Result & Discussions

The dataset used for this work consisted of 183 images acquired with Canon Medical Systems 1.5 T MRI scanner; 75 T1-weighted (T1W) sagittal images, 75 T2-weighted (T2W) sagittal images, 6 FSBB (Flow Sensitive Black Blood) axial images, and 27 T2W axial images. The imaged subjects were healthy and informed consent was obtained. In this study, we focused on Cartesian coordinate sampling. Signal under-sampling was applied for the phase encoding direction. We call methods reconstructing real and imaginary part independently as RI-U-Net, RI-ADMM-CSNet and RI-DnCNN to distinguish them from ordinary U-Net, ADMM-CSNet and DnCNN. To compare the reconstruction performances, magnitude and phase estimation method using CNNs(Mag&phase)[1], complex-valued CNN (ComplexCNN)[3][9][10] were also evaluated. The relationship between the amount of signal and the PSNR of the reconstructed image is shown in Fig. 3, and the time for learning CNN or reconstruction is shown in Fig.4. Reconstructed images at 20% and 40% sampling rates are shown in Figures 4. RI-U-Net showed a slightly higher PSNR than ComplexCNN for all signal sampling rates. ComplexCNN involves complex derivatives, but the deeper the layer, the more difficult it is to compute the gradient. These factors resulted in the higher PSNR for the proposed RI-U-Net. RI-ADMM-CS-Net has a lower PSNR when sampling rate is 20%, while it has the highest PSNR when sampling rates are 30% and 40%. Comparing the enlarged images shown in Fig.5, the image by RI-ADMM-CSNet has a larger smoothing effect. This results in a smaller reconstruction error, which is considered to be the reason for the highest PSNR at 30% and 40%. In contrast, RI-U-Net and ComplexCNN restore the detailed structure well. These experiments show that a real-valued CNN has the possibility to have the same or better performance as a complex-valued CNN by introducing symmetrical signal under-sampling.

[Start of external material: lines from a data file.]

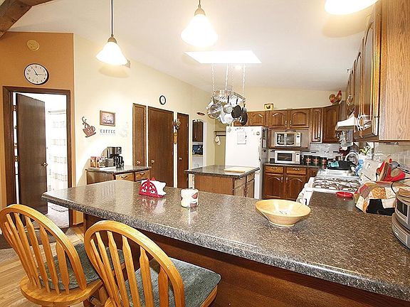 Your year round private retreat: Discover this tranquil park-like setting where wildlife abounds offering endless opportunities on 24+ acres of mixed forest, lowland, dry open meadow, fish pond & hunting camp w/cabin. A hunters paradise. This well maintained 3 bedroom ranch features a bright open concept kitchen/ living area that has a charming appeal, 2 pantry/ storage areas. Main floor laundry. Spacious living room features bow window views, skylights. a wood burning fireplace for those cool evenings & a patio door walkout to a deck. Den/ reading room area and a large bedroom on the main floor. Upstairs has 2 guest bedrooms. Insulated breezeway offers a workshop area. Storage sheds, walking trails. 2nd lot is buildable. Horses allowed!. Stone's throw from 5000 acre Lake Puckaway.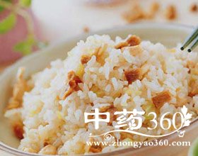 米饭(蒸):米饭的主要成分是碳水化合物,米饭中的蛋白质主要是米精蛋白,氨基酸的组成比较完全,人体容易消化吸收;大米可提供丰富B族维生素;大米具有有补中益气、健脾养胃、益精强志、和五脏、通血脉、聪耳明目、止烦、止渴、止泻的功效。猪里脊肉:猪肉含有丰富的优质蛋白质和必需的脂肪酸,并提供血红素(有机铁)和促进铁吸收的半胱氨酸,能改善缺铁性贫血;具有补肾养血,滋阴润燥的功效;猪里脊肉含有丰富的优质蛋白,脂肪、胆固醇含量相对较少,一般人群都可食用。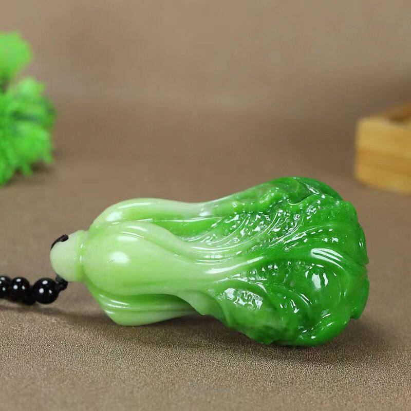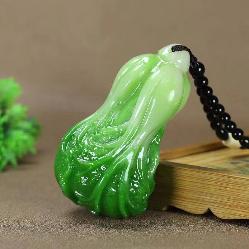和田色玉白绿玉白菜吊坠男女情侣款玉坠百财玉石简约项坠送礼物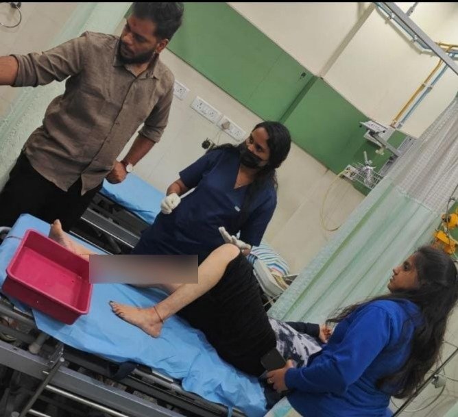 ಗಾಯಾಳು ಅನಿತಾ ಸಂಬಂಧಿ ಅನುಷಾಗೆ ಹೊಟ್ಟೆ ನೋವು ಕಾಣಿಸಿಕೊಂಡಿತ್ತು. ಹೀಗಾಗಿ ಬೈಕ್ ನಲ್ಲಿ ಸಂಬಂಧಿಗಳಾದ ಕಿರಣ್, ಅನಿತಾ ಆಸ್ಪತ್ರೆಗೆ ತೆರಳುತ್ತಿದ್ದರು. ಈ ವೇಳೆ ಬ್ಯಾಟರಾನಪುರದ ಎಂ.ಎಂ.ರಸ್ತೆ ಬಳಿ ನಾಯಿಗಳು ಬೊಗಳಿವೆ. ಭಯದಿಂದ ಕಿರಣ್ ಬೈಕ್ ಅನ್ನು ಸ್ವಲ್ಪ ಬಲಕ್ಕೆ ಹೋಗಿದ್ದಾರೆ. ಈ ವೇಳೆ ವೇಗವಾಗಿ ಬಂದ ದಿವ್ಯಾ ಸುರೇಶ್ ಕಾರ್ ಬೈಕ್ಗೆ ಡಿಕ್ಕಿ ಹೊಡೆದಿದೆ. ಕಾರ್ ಡಿಕ್ಕಿ ಹೊಡೆದಾಗ ಅನಿತಾ ಕಾಲಿನ ಮಂಡಿ ಚಿಪ್ಪಿಗೆ ಪೆಟ್ಟಾಗಿದೆ. ನಂತರ ಗಾಯಳುವನ್ನು ಆಸ್ಪತ್ರೆಗೆ ದಾಖಲಿಸಲಾಗಿತ್ತು. ಆಸ್ಪತ್ರೆಯಲ್ಲಿ ಪರೀಕ್ಷೆ ನಡೆಸಿದ ವೈದ್ಯರು ಕಾಲಿನ ಮಂಡಿ ಚಿಪ್ಪು ಮುರಿದಿದೆ ಎಂದು ತಿಳಿಸಿದ್ದಾರೆ.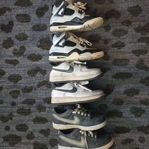 Trendy Nike sneakers for kids. Gray and white design. Ideal for active play. In used condition can be cleaned and brought back to life.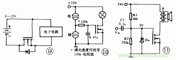 一种简单的触摸调光电路如图10。当手指触摸上触头时,电容经手指电阻及100k充电,VGS渐增大,灯渐亮;当触摸下触头时,电容经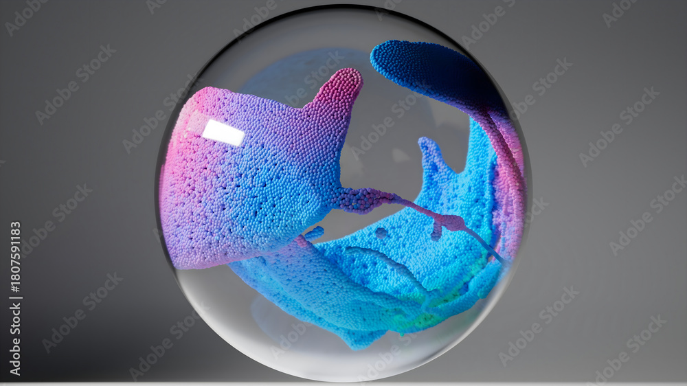3d render of abstract art surreal glass sphere ball with organic substance inside based on connected small balls spheres as molecular structure particles in deformation transformation process #1807591183

Figure 4 shows that RI-U-Net requires less time for learning and reconstruction than complexCNN. This scheme has the potential to further improve performance by deepening real-function CNNs.

Conclution

The method of reconstructing complex-valued images by a real-valued CNN using symmetric signal acquisition has shown the possibility of achieving reconstruction performance comparable to that of a complex type CNN.

Acknowledgements

This work was supported in part by JSPS KAKENHI grants 19K04423, 21J14120. We would like to thank Canon Medical Systems.